(WHAT TO DO)
Begin at the top of the entries below and write out every line through the one containing "One 1924 $20", excluding pictures.

Records from a dataset:

☆ ☆ ☆ ☆ ☆ ☆ ☆

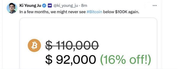 CEO CryptoQuant сравнил текущее падение биткоина с распродажей и считает, что уже через несколько месяцев мы, скорее всего, уже никогда не увидим биткоин ниже $100 000.
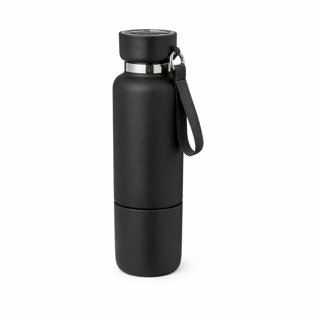 Double wall stainless steel bottle with detachable base cup and lanyard. 500 ml
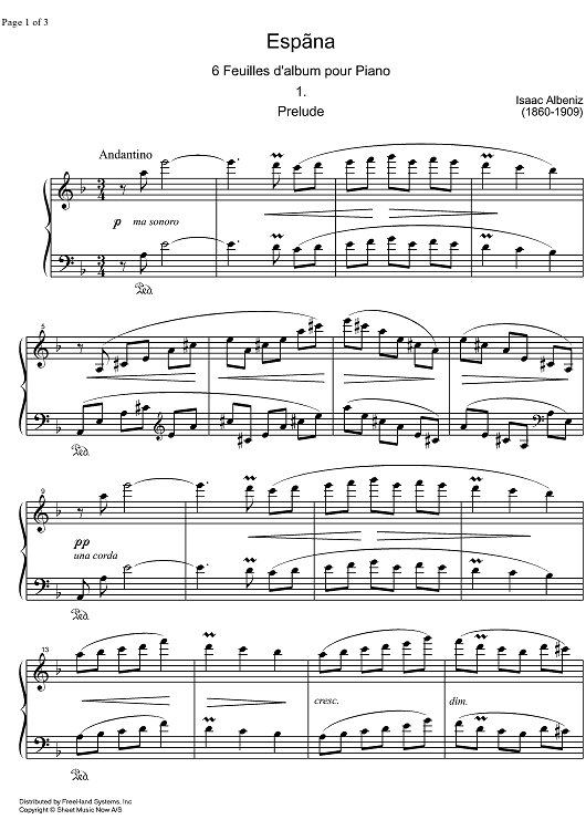 "Espãna 1 Prelude" Sheet Music by Isaac Albéniz
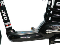 Để chân và bàn đạp song song Xe đạp điện JVC Winter với để chân nhỏ gọn được bố trí ở phần thân dưới của xe được bọc bởi một lớp vỏ nhựa tổng hợp thời trang và chắc chắn được gắn chặt với thân xe thông qua các bát chắc chắn, phía trên là mặt nhựa chống trầy xước với các g nhỏ giúp tăng ma sát khi tiếp xúc. Bố trị song song để chân là cặp bàn đạp được làm từ hợp kim gang và nhựa tổng hợp, giúp người sử dụng dễ dàng lựa chọn chế độ vận hành cơ, sử dụng cho trường hợp xe hết điện và leo dốc cao. |
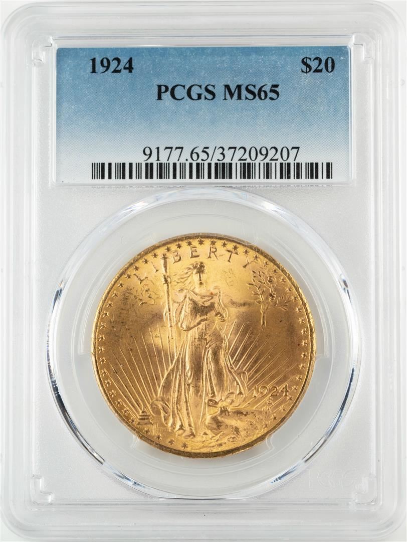 One 1924 $20 St. Gaudens Double Eagle Gold Coin PCGS MS65. PCGS Graded.
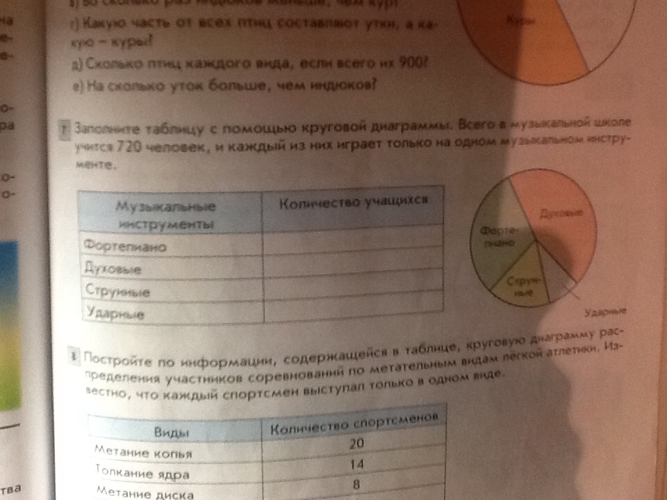Номер 7 .заполните таблицу с помощью круговой диаграммы . Всего в музыкальной школе учится 720.
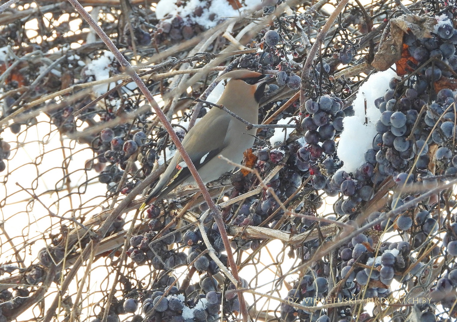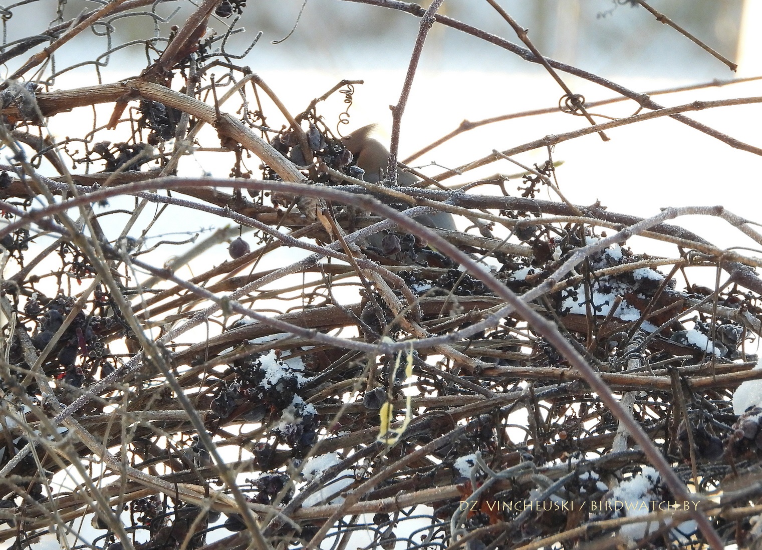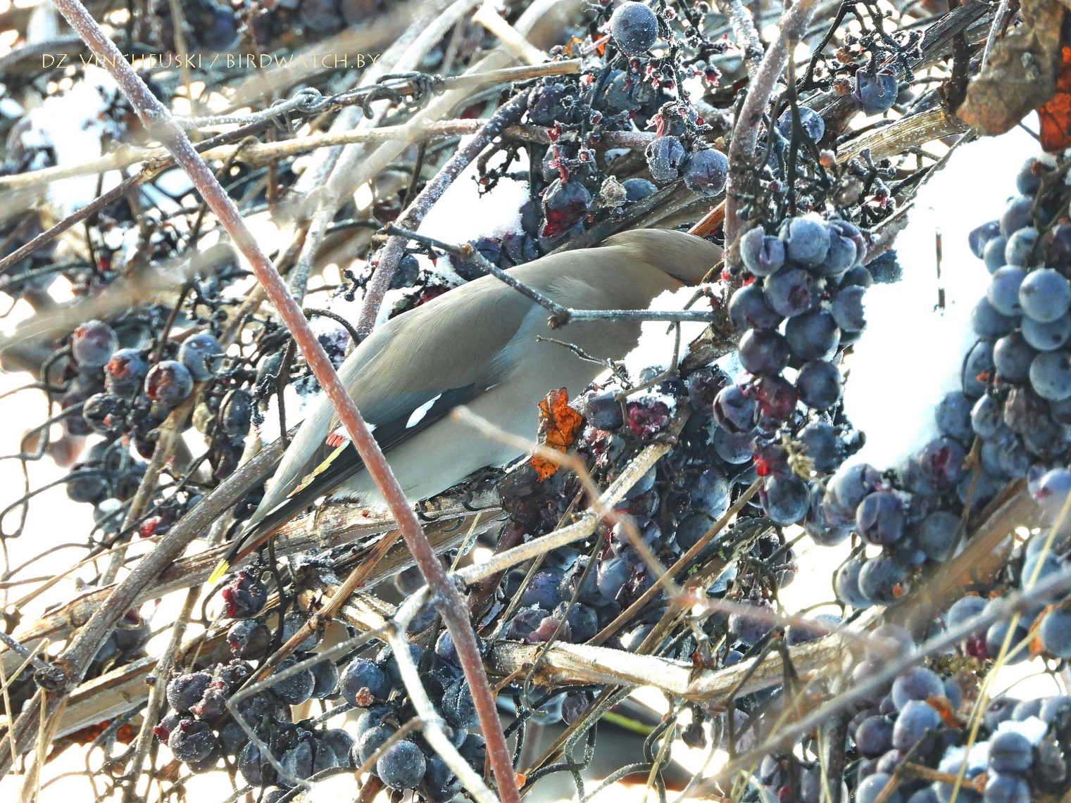 Сонечнай і марознай раніцай мы завярнулі пад будынак былой сінагогі ў Індуры каб праверыць ці засталіся там побач зімаваць кольчатыя туркаўкі, ажно амаль насупраць, на прыватным падворку за домам убачылі некалькі амялушак (Bombycilla garrulus). Яны сядзелі на старой яблыні і частка адпачывала, а частка спрабавала дзяўбсці згнілыя і прамёрзлыя яблыкі. Было далекавата для добрых здымкаў, але хутка птушкі паказалі нам, што яны могуць падляцець і значна бліжэй. Аднак не проста так, а каб пад'есці вінаграду - прыгожыя і амаль без сапсаваных ягад цёмныя гронкі звісалі невысока з сеткі, якая адгарожвала ўласна падворак ад гароду за ім. Адарваць ягаду аказалася для амялушак нескладана, а вось праглынуць - іншая справа:
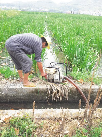 8月22日,鹿山街道江夏村茭白种植大户汪江宁正在关闭茭白田里的水泵。今年夏季以来的高温干旱天气,使江夏村的茭白种植受到不小影响,汪江宁在他的300亩茭白田里安装了8台水泵,24小时抽水灌溉,连续抗旱已有20多天。台风“潭美”带来的降雨,使旱情得到缓解,汪江宁终于松了一口气。据了解,秋茭将于9月中旬上市,受干旱影响,江夏村的秋茭产量将减少三分之一以上。
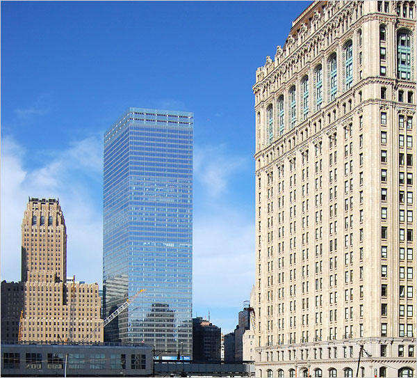 That happened last Thursday, when the 52 floors of 7 World Trade Center faded into the cloud-flecked blue of a late summer afternoon. Its masonry neighbors (140 West Street and 90 West Street) stood out in contrast.
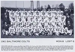 The 1961 Baltimore Colts season was the ninth for the team in the National Football League. They finished the 1961 season with a record of 8 wins and 6 losses, tied for third in the Western Conference with the Chicago Bears.
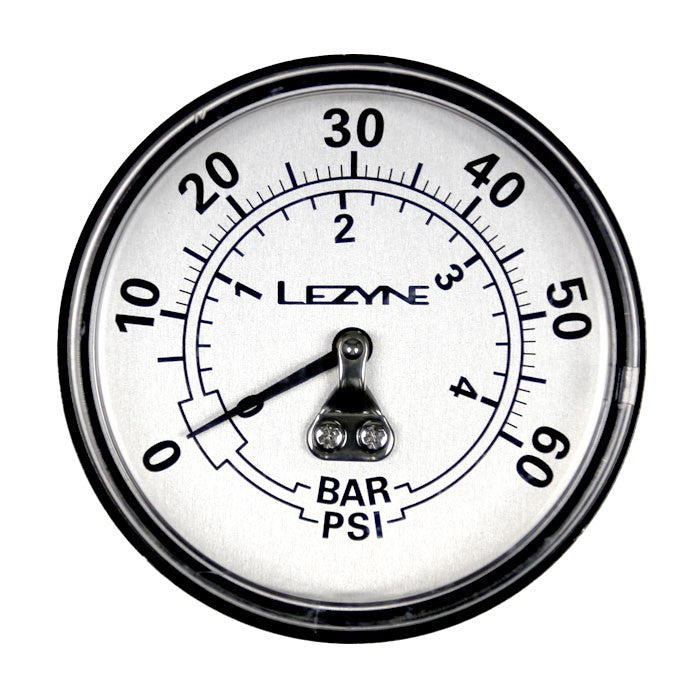 60 PSI replacement analog pressure gauge for all Dirt Drive and OverDrive floor pumps, includes glue and O-ring. Updated internals offer even more precision at lower pressures.
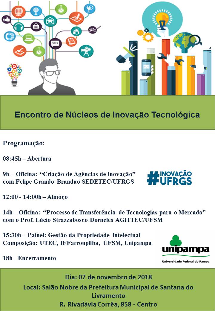 Estão abertas as inscrições para o Encontro de Núcleos de Inovação Tecnológica. O evento tem como objetivo a troca de experiências e o fortalecimento dos NITs. O Encontro será no dia 07 de novembro no Salão Nobre da Prefeitura Municipal de Santana do Livramento, durante o 10º Salão Internacional de Ensino, Pesquisa e Extensão.
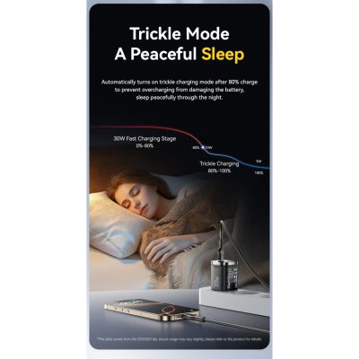 4. Akkumulátorkímélő üzemmód: A "Trickle Charging" (csepptöltés) funkció megvédi az eszközeid akkumulátorát a túltöltéstől. Amikor a készüléked eléri a 80%-os töltöttséget, az ESSAGER intelligensen visszavesz a tempóból, hogy meghosszabbítsa az akku élettartamát.
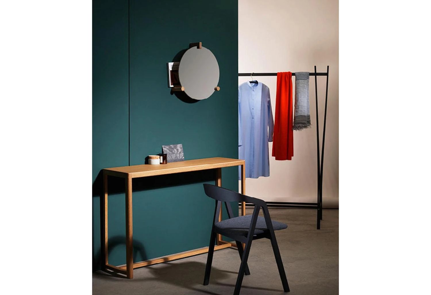 A round wall mirror with wooden accent mounts, hook and shelf. The contemporary and compact design works well in a dressing area, hallway or bathroom.
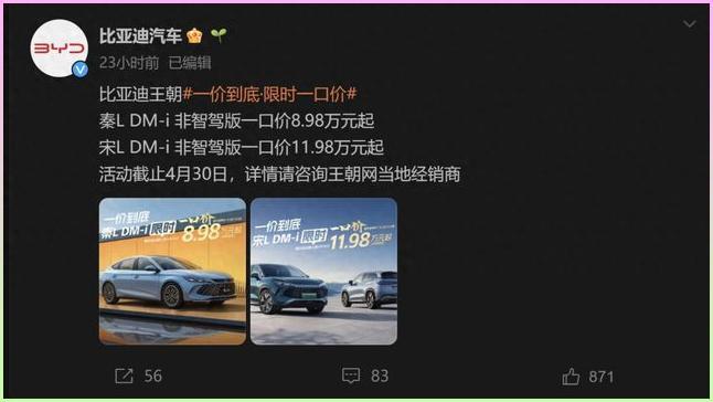 比亚迪再放大招:4.98万补贴价震撼市场,Model Y车主直呼沉默!
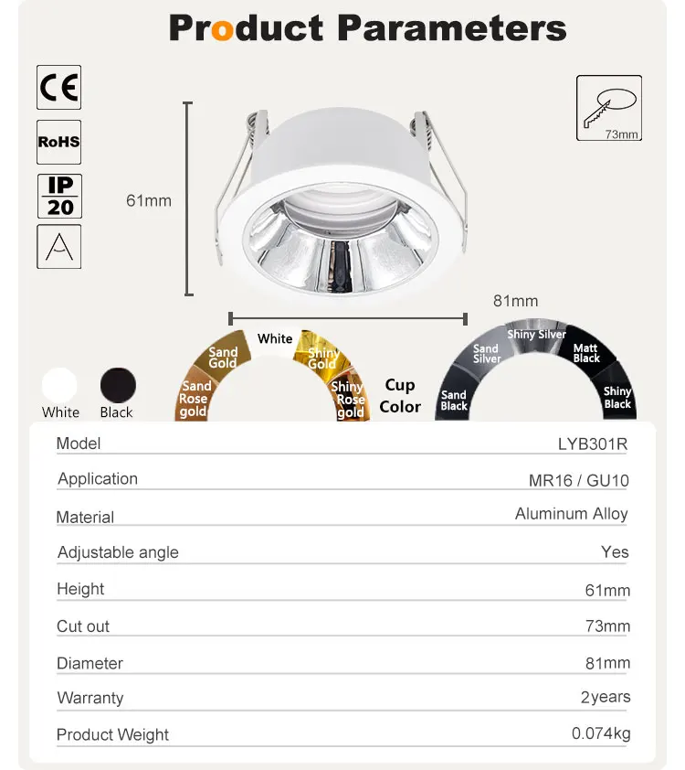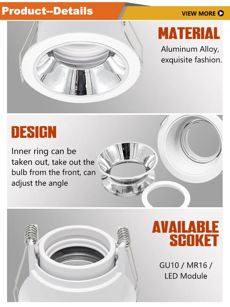 GU10 MR16 Custom embed round die-casting aluminum reflective anti-glare down lights
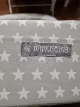 Cojín de lactancia gemelar con un diseño de estrellas grises sobre fondo claro. Es cómodo y práctico para alimentar a dos bebés a la vez. - Funda con estampado de estrellas. - Forma ergonómica para el soporte. Marca mimuselina
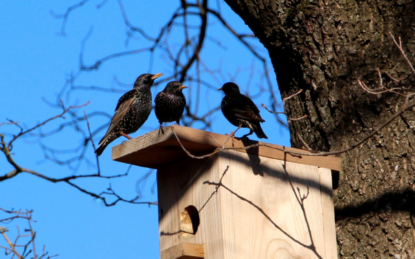 Скворцы на крыше дома своего
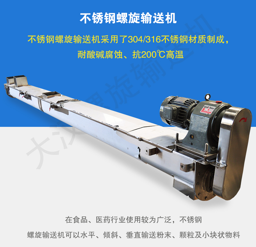 不銹鋼螺旋輸送機廣泛應用于食品、醫(yī)藥、建材、化工、電力、冶金、煤礦炭、糧食等行業(yè),適用于水平或傾斜輸送粉狀、粒狀和小塊狀物料,尤其適合食品、醫(yī)藥行業(yè),可以滿足行業(yè)衛(wèi)生標準,可輸送諸如面粉、飼料、花椒粉、藥粉等對衛(wèi)生要求嚴格的物料。
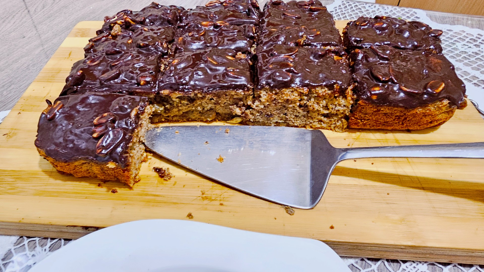 Umutiti jaja, dodati griz i prašak za pecivo prosejano, dodati mlevene orahe, mleko i ulje i sve izjednačiti. Dodati rendane jabuke sa cimetom i lepo izjednačiti.
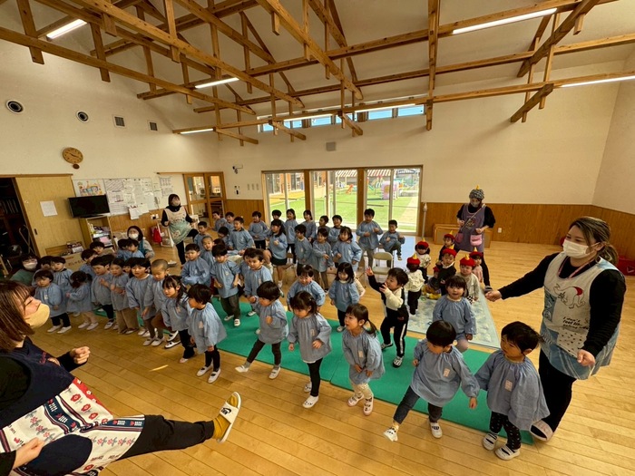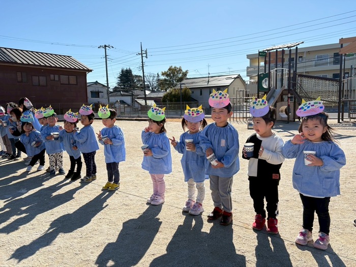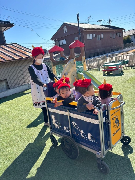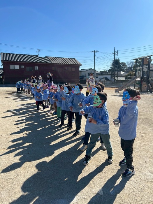 めいしょう保育園の鬼さんは 実は愉快な鬼さんなんです✨ 楽器を持って演奏しながら 楽しく踊りながら登場します‼ | ||

☆ ☆ ☆ ☆ ☆ ☆ ☆

(ANSWER SPACE)
 CEO CryptoQuant сравнил текущее падение биткоина с распродажей и считает, что уже через несколько месяцев мы, скорее всего, уже никогда не увидим биткоин ниже $100 000.
 Double wall stainless steel bottle with detachable base cup and lanyard. 500 ml
 "Espãna 1 Prelude" Sheet Music by Isaac Albéniz
 Để chân và bàn đạp song song Xe đạp điện JVC Winter với để chân nhỏ gọn được bố trí ở phần thân dưới của xe được bọc bởi một lớp vỏ nhựa tổng hợp thời trang và chắc chắn được gắn chặt với thân xe thông qua các bát chắc chắn, phía trên là mặt nhựa chống trầy xước với các g nhỏ giúp tăng ma sát khi tiếp xúc. Bố trị song song để chân là cặp bàn đạp được làm từ hợp kim gang và nhựa tổng hợp, giúp người sử dụng dễ dàng lựa chọn chế độ vận hành cơ, sử dụng cho trường hợp xe hết điện và leo dốc cao. |
 One 1924 $20 St. Gaudens Double Eagle Gold Coin PCGS MS65. PCGS Graded.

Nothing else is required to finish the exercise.